-- Problem details --
Retype all of the entries word for word.

-- Given records --

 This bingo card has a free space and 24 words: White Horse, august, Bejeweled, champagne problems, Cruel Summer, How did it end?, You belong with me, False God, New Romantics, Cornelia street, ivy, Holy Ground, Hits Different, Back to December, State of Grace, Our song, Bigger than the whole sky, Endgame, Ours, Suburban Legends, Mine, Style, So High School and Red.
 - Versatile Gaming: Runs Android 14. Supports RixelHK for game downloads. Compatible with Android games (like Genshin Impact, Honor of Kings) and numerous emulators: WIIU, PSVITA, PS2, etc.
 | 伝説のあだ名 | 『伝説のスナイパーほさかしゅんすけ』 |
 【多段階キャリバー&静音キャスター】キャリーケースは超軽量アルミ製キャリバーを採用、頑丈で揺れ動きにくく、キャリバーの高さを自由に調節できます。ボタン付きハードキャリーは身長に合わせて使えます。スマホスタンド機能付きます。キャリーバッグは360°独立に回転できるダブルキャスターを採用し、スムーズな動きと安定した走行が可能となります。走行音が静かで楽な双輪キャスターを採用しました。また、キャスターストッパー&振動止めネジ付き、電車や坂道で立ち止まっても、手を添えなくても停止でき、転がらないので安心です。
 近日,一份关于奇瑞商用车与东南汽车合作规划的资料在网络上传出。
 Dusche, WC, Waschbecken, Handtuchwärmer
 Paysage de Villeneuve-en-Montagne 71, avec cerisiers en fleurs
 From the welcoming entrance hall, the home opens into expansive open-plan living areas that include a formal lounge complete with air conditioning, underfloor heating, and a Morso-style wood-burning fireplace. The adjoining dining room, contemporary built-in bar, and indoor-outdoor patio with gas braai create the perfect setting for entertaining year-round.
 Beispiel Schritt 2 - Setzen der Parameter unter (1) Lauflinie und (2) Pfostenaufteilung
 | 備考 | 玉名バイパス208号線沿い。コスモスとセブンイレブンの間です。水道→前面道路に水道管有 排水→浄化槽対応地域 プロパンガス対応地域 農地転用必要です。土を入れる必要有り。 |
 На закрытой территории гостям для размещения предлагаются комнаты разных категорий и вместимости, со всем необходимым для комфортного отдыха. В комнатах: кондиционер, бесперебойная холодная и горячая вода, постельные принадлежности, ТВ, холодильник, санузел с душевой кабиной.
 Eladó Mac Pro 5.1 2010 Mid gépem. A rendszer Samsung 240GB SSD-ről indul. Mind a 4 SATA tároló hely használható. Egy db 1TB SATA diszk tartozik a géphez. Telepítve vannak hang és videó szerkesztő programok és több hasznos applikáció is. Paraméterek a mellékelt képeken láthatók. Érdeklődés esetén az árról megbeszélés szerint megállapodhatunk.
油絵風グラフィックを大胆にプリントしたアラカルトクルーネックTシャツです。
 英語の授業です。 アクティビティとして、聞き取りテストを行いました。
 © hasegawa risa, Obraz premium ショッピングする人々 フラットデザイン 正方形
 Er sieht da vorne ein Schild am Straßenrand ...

-- Reply to the exercise --
 This bingo card has a free space and 24 words: White Horse, august, Bejeweled, champagne problems, Cruel Summer, How did it end?, You belong with me, False God, New Romantics, Cornelia street, ivy, Holy Ground, Hits Different, Back to December, State of Grace, Our song, Bigger than the whole sky, Endgame, Ours, Suburban Legends, Mine, Style, So High School and Red.
 - Versatile Gaming: Runs Android 14. Supports RixelHK for game downloads. Compatible with Android games (like Genshin Impact, Honor of Kings) and numerous emulators: WIIU, PSVITA, PS2, etc.
 | 伝説のあだ名 | 『伝説のスナイパーほさかしゅんすけ』 |
 【多段階キャリバー&静音キャスター】キャリーケースは超軽量アルミ製キャリバーを採用、頑丈で揺れ動きにくく、キャリバーの高さを自由に調節できます。ボタン付きハードキャリーは身長に合わせて使えます。スマホスタンド機能付きます。キャリーバッグは360°独立に回転できるダブルキャスターを採用し、スムーズな動きと安定した走行が可能となります。走行音が静かで楽な双輪キャスターを採用しました。また、キャスターストッパー&振動止めネジ付き、電車や坂道で立ち止まっても、手を添えなくても停止でき、転がらないので安心です。
 近日,一份关于奇瑞商用车与东南汽车合作规划的资料在网络上传出。
 Dusche, WC, Waschbecken, Handtuchwärmer
 Paysage de Villeneuve-en-Montagne 71, avec cerisiers en fleurs
 From the welcoming entrance hall, the home opens into expansive open-plan living areas that include a formal lounge complete with air conditioning, underfloor heating, and a Morso-style wood-burning fireplace. The adjoining dining room, contemporary built-in bar, and indoor-outdoor patio with gas braai create the perfect setting for entertaining year-round.
 Beispiel Schritt 2 - Setzen der Parameter unter (1) Lauflinie und (2) Pfostenaufteilung
 | 備考 | 玉名バイパス208号線沿い。コスモスとセブンイレブンの間です。水道→前面道路に水道管有 排水→浄化槽対応地域 プロパンガス対応地域 農地転用必要です。土を入れる必要有り。 |
 На закрытой территории гостям для размещения предлагаются комнаты разных категорий и вместимости, со всем необходимым для комфортного отдыха. В комнатах: кондиционер, бесперебойная холодная и горячая вода, постельные принадлежности, ТВ, холодильник, санузел с душевой кабиной.
 Eladó Mac Pro 5.1 2010 Mid gépem. A rendszer Samsung 240GB SSD-ről indul. Mind a 4 SATA tároló hely használható. Egy db 1TB SATA diszk tartozik a géphez. Telepítve vannak hang és videó szerkesztő programok és több hasznos applikáció is. Paraméterek a mellékelt képeken láthatók. Érdeklődés esetén az árról megbeszélés szerint megállapodhatunk.
油絵風グラフィックを大胆にプリントしたアラカルトクルーネックTシャツです。
 英語の授業です。 アクティビティとして、聞き取りテストを行いました。
 © hasegawa risa, Obraz premium ショッピングする人々 フラットデザイン 正方形
 Er sieht da vorne ein Schild am Straßenrand ...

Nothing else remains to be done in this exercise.